Fashion can be a wasteful industry. And Jeanine Hsu, who started in the industry, was so bothered by the waste that she decided to launch a sustainable accessories label more than a decade ago.
Her hand-crafted jewelry, whether it costs hundreds or hundreds of thousands of dollars a piece, are all made with offcuts from furniture factories, recycled precious metals, and abalone shells collected from local restaurants.
The designer, who honed her skills at theater arts workshops, as well as with fashion houses such as Alice Temperley, Diesel and Vivienne Westwood, is also exploring unconventional raw materials: fish skin and faux leather made out of vegetables.
“The goal is 100 percent recycled material and zero waste,” the half- Austrian, half-Chinese founder of jewelry label Niin said. With plans to enter China next year, the Hong Kong label has a global retail network, as well as celebrity fans, such as supermodel Kate Moss.

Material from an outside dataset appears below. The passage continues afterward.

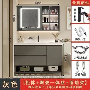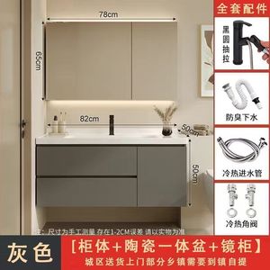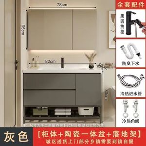 [ファッショングレー] フロアキャビネット - 完全密閉型スマートミラーキャビネット - 紙穴付き - 80 - 広東優磁器 - 期間限定無料黒丸引き出し

It’s hard to imagine it had its start as a flea market stall, where Hsu sold bone and wood jewelries that she had found in Paris.
“I would go and queue up at the Portobello market every Saturday at 5am to make sure that I got the corner spot that I wanted. And on Sunday, I would do the Spitalfields market in east London,” Hsu recalled.
“The switch from fashion to jewelry design was a subconscious thing. After working for years in fashion, the waste really bothered me. I lived near the Portobello market so I thought I could sell something and make my own cash.”
Although Hsu grew up in an artistic environment with her parents being avid art collectors, and her grandmother being a fashion designer as well, her choice of occupation had always worried her father, a Hongkonger who owns a private security systems company.
Hsu’s Austrian mother is now married to former Hong Kong stock exchange chairman Ronald Arculli. “My mum has a good sense of style and her home is always beautifully finished. Attention to details is something that my sister and I got from our parents,” Hsu said.
Interestingly, Hsu’s sister Claire also picked a career in the arts. She co-founded Asia Art Archive, a non-profit organization that preserves and makes accessible reference materials on contemporary Chinese art, and sits on the museum and acquisition boards of the M+ museum.
“My dad came to visit me once. He was horrified – after all the money they spent on my education, I was a market stall trader,” Hsu added, explaining that she spent her formative years at the German Swiss International School, and later attended a boarding school in Surrey, and eventually graduated from Central Saint Martins with a degree in womenswear.
Hsu took a leap of faith, opening her first physical store in Sheung Wan three years ago. The shop has since attracted a steady stream of customers who share a belief in ethical and environmentally-friendly fashion.
A case in point is the recently launched collection named Alaria. Hsu partnered with Austrian label Aenea Jewellery to produce nine seaweed-inspired designs made with conflict-free gemstones and recycled palladium.
“The challenge to be eco-friendly is authenticity – where you are buying from, and how to be transparent in your production process. Transparency is the hardest. It can come down to even just to keep my wood separated from the others’ in a workshop,” she said.
Hsu said her creative inspiration comes from everything in her daily life: spirituality, female identity, modernity and solidarity. She also draws on the amalgam of Austrian, British and Cantonese cultures, incorporating in her design crystals that bear an auspicious connotation or are deemed to have a healing power.
That said, she does not work with materials from endangered animals such as ivory and rhino horn. She also does not pick those that conflict with the cultures of the source country – for example, cow bones from India.
“I am designing an emblem for an American family living in Hong Kong. The dad appreciates all the materials that I use, and he wants to have a family crest for his family. It will be made into rings and necklaces,” Hsu said.
The article first appeared in the Standard on September 1, 2017.